En este sentido, la reflexión sobre la articulación entre el discurso jurídico y las prácticas psi toma relevancia en diferentes ámbitos de la actuación profesional y no se restringe a la práctica de la Psicología Jurídica como especialidad.[ii]

El cruce de discursos, y de las prácticas concomitantes a cada uno de esos campos, compele a establecer entonces un diálogo disciplinar que nos convoca a reflexionar sobre los puntos de encuentro y los de desencuentro.

¿Cuál es la relación entre el sujeto del Derecho y el sujeto destinatario de nuestra práctica? ¿Cómo articular en una práctica concreta el discurso jurídico y el discurso de la subjetividad? En otros términos, se trata de reflexionar sobre la articulación entre el sistema jurídico y la dimensión clínica de nuestra práctica, entendiendo por esta última a esa perspectiva que toma en cuenta la dimensión del sujeto, la singularidad en situación. Cabe aclarar que la dimensión clínica no se refiere exclusivamente al trabajo clínico, sino que con este término nos interesa señalar un modo de lectura y abordaje sustentado en la lógica del sujeto.[iii]

Nociones centrales al discurso jurídico y al discurso de la subjetividad, tales como las de sujeto, responsabilidad, culpa, ley y prohibición, señalan puntos de interés común. Por lo demás, es claro que en ambos campos se juega la relación entre el Sujeto y la Ley. Si bien se plantean dos legalidades diferentes (sujeto-ley simbólica y sujeto-ley social), la filiación del orden jurídico a la legalidad simbólica nos permite triangular la relación entre una legalidad y otra con el Sujeto como tercer elemento. En la perspectiva freudiana, especialmente tomando los desarrollos sobre el mito de origen, es legítimo ubicar la relación que la ley fundante de la cultura y el sujeto establece con la ley que regula el orden social[iv].

Doble filiación del sujeto. Dos campos que lo interpelan y lo convocan a responder, constituyéndolo: “Queda claro que el sujeto está siempre sometido a juicio: el de una instancia crítica que lo sostiene dentro de la ley y el de una instancia social y represiva que lo castiga cuando sale fuera de la ley”.[v]

En esta línea, y sobre el eje de la relación Ley-ley, donde la primera, escrita con mayúsculas, nombra la Ley simbólica –campo de constitución del sujeto–, y la segunda se refiere a la ley social –ley del orden jurídico–, es posible plantear una continuidad entre ambos discursos, una homogeneidad de estructura entre los campos del Derecho y del Psicoanálisis, perspectiva referenciada en la obra del jurista Pierre Legendre.

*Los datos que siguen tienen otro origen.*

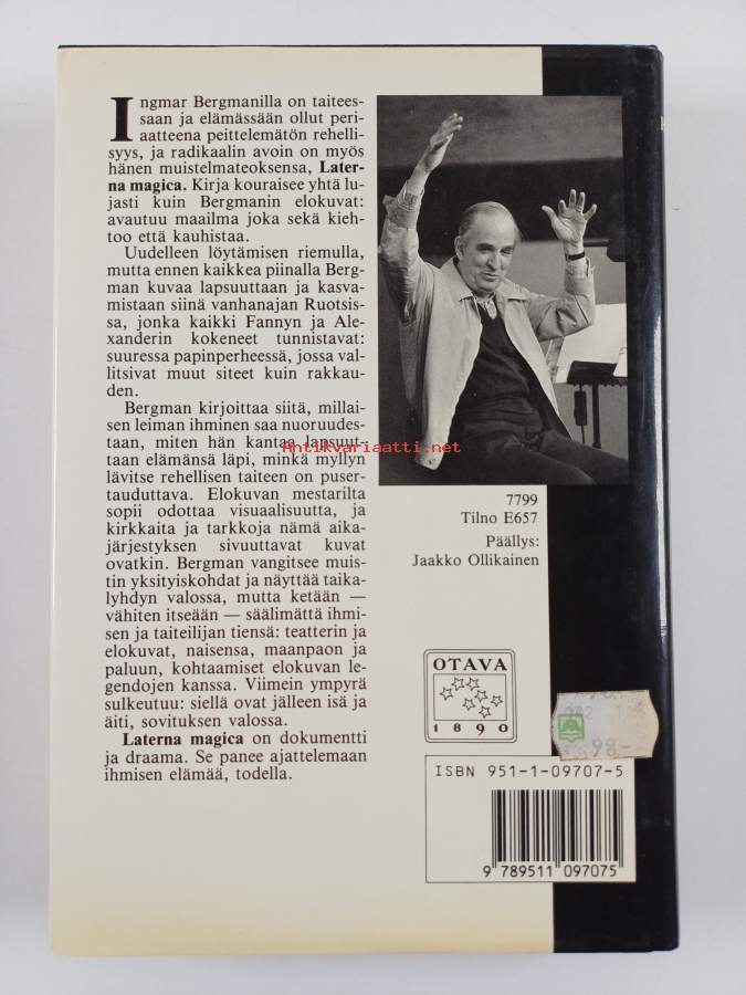 Laterna Magica - muistelmat, 1988. Muistelmakirja kouraisee yhtä lujasti kuin Bergmanin elokuvat: avautuu maailma, joka sekä kiehtoo, että kauhistaa.

Legendre se expide taxativamente respecto de la relación Ley-ley: “No existen dos leyes, una ley simbólica y una ley positiva o jurídica, sino una sola, la ley de lo simbólico, más exactamente la ley del determinismo simbólico. Por supuesto que existen varios niveles o registros de expresión y destino del mensaje simbólico. Esos niveles –social y subjetivo- tienen que ver con la misma Ley: ley de institución de la Prohibición, ley del Tercero, ley del Padre.”[vi]

Enrique Kozicki sostiene la misma perspectiva, enfatizando la relación recíproca entre Ley y ley: “Lo jurídico constituye la marca de lo simbólico que inyecta-inflige la Ley, en tanto límite, en los seres, instituyéndolos como sujeto, humanizándolos. Infligir la Ley, instituir, y hacer imperar la Prohibición”.[vii] Señala así la juridicidad de la Ley simbólica, al mismo tiempo que subraya la legalidad simbólica de las formas institucionales que toma la prohibición a través de la ley jurídica.

Al respecto, Gerez Ambertín plantea que: “El discurso jurídico no queda fuera de la pregunta por lo prohibido y por la instauración de la ley, en todo caso es a él a quien compete, desde los trazados de la legislación, brindar las respuestas necesarias. Allí el discurso jurídico y el psicoanalítico se intersectan, pese a las barreras semánticas que ponen algunos obstáculos a un diálogo más fructífero entre ellos”.[viii]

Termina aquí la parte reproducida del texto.